-- SUPPLIED RECORDS --
====================

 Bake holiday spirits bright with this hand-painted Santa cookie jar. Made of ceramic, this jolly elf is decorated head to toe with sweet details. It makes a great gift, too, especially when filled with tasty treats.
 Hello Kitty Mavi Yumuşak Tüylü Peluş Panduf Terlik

====================

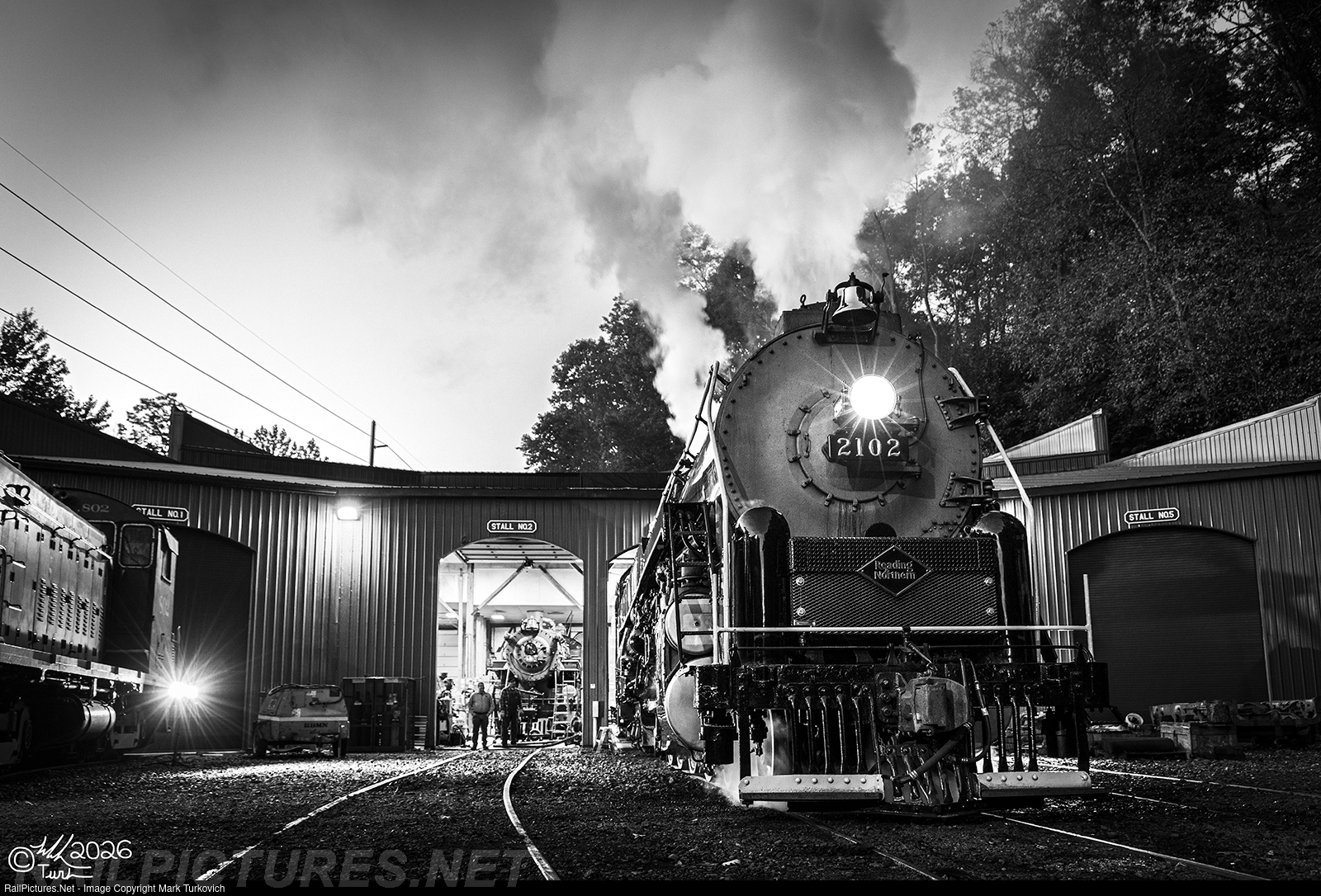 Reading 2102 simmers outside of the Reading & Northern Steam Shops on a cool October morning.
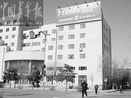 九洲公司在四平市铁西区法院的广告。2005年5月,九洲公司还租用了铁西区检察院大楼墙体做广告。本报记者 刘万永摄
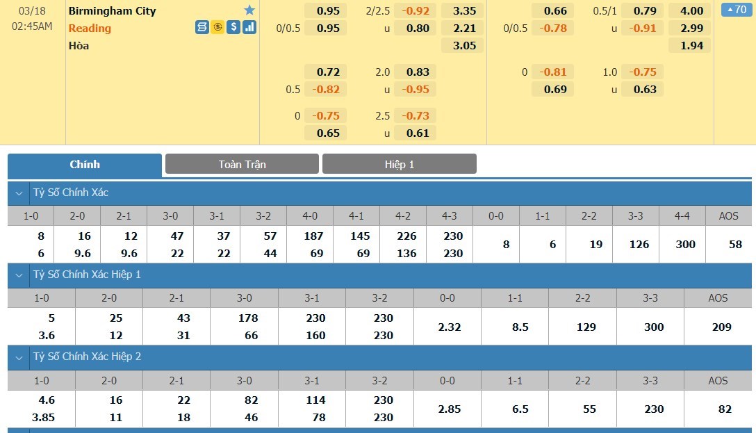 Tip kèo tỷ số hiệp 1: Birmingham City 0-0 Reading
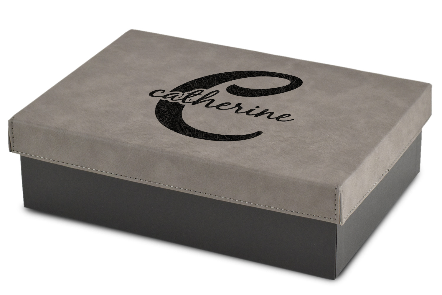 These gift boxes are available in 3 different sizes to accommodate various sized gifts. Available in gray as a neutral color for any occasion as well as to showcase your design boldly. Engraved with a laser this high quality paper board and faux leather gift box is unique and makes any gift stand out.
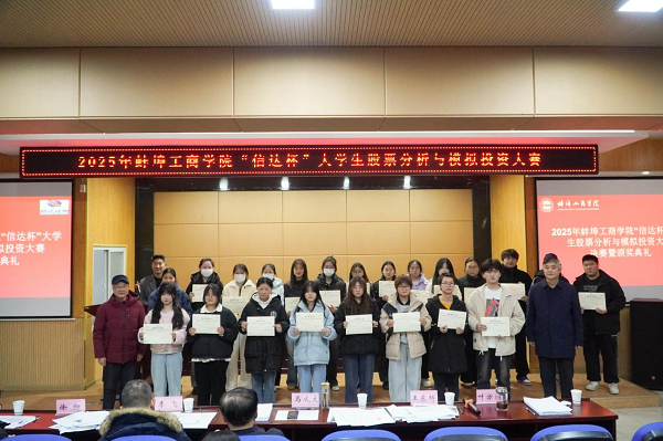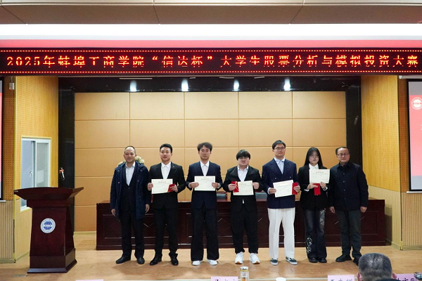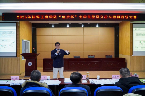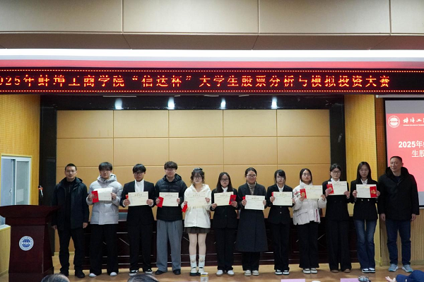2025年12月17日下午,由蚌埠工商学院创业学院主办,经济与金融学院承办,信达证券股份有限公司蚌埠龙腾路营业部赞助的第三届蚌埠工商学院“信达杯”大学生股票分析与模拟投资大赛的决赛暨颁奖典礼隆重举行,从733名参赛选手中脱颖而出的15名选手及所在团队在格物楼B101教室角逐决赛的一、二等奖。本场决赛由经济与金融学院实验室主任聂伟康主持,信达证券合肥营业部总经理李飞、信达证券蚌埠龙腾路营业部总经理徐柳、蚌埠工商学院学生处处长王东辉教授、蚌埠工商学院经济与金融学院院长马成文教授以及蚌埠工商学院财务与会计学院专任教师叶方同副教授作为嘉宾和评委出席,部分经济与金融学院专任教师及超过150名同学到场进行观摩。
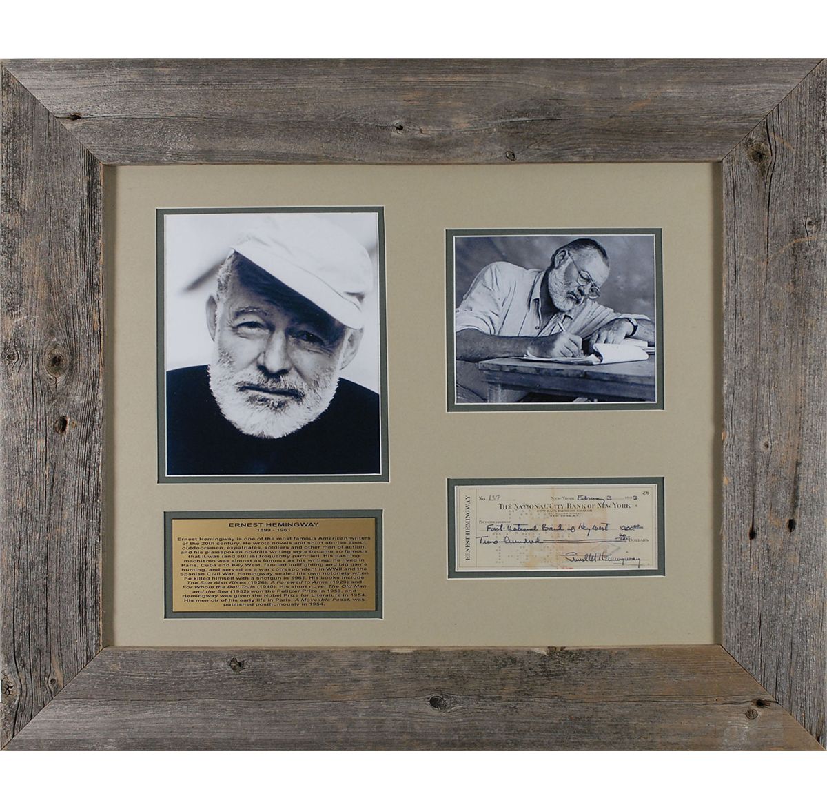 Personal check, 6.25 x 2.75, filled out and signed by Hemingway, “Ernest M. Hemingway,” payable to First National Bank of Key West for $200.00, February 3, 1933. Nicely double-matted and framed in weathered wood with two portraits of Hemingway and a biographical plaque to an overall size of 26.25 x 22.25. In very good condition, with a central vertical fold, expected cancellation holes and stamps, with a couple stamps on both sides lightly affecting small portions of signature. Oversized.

====================

-- WHAT YOU HAVE TO DO --
Both end lines included, restate word for word the lines above from the line with "Bake holiday spirits" to the line with "Hello Kitty Mavi", and nothing else.

-- WRITTEN RESPONSE --
 Bake holiday spirits bright with this hand-painted Santa cookie jar. Made of ceramic, this jolly elf is decorated head to toe with sweet details. It makes a great gift, too, especially when filled with tasty treats.
 Hello Kitty Mavi Yumuşak Tüylü Peluş Panduf Terlik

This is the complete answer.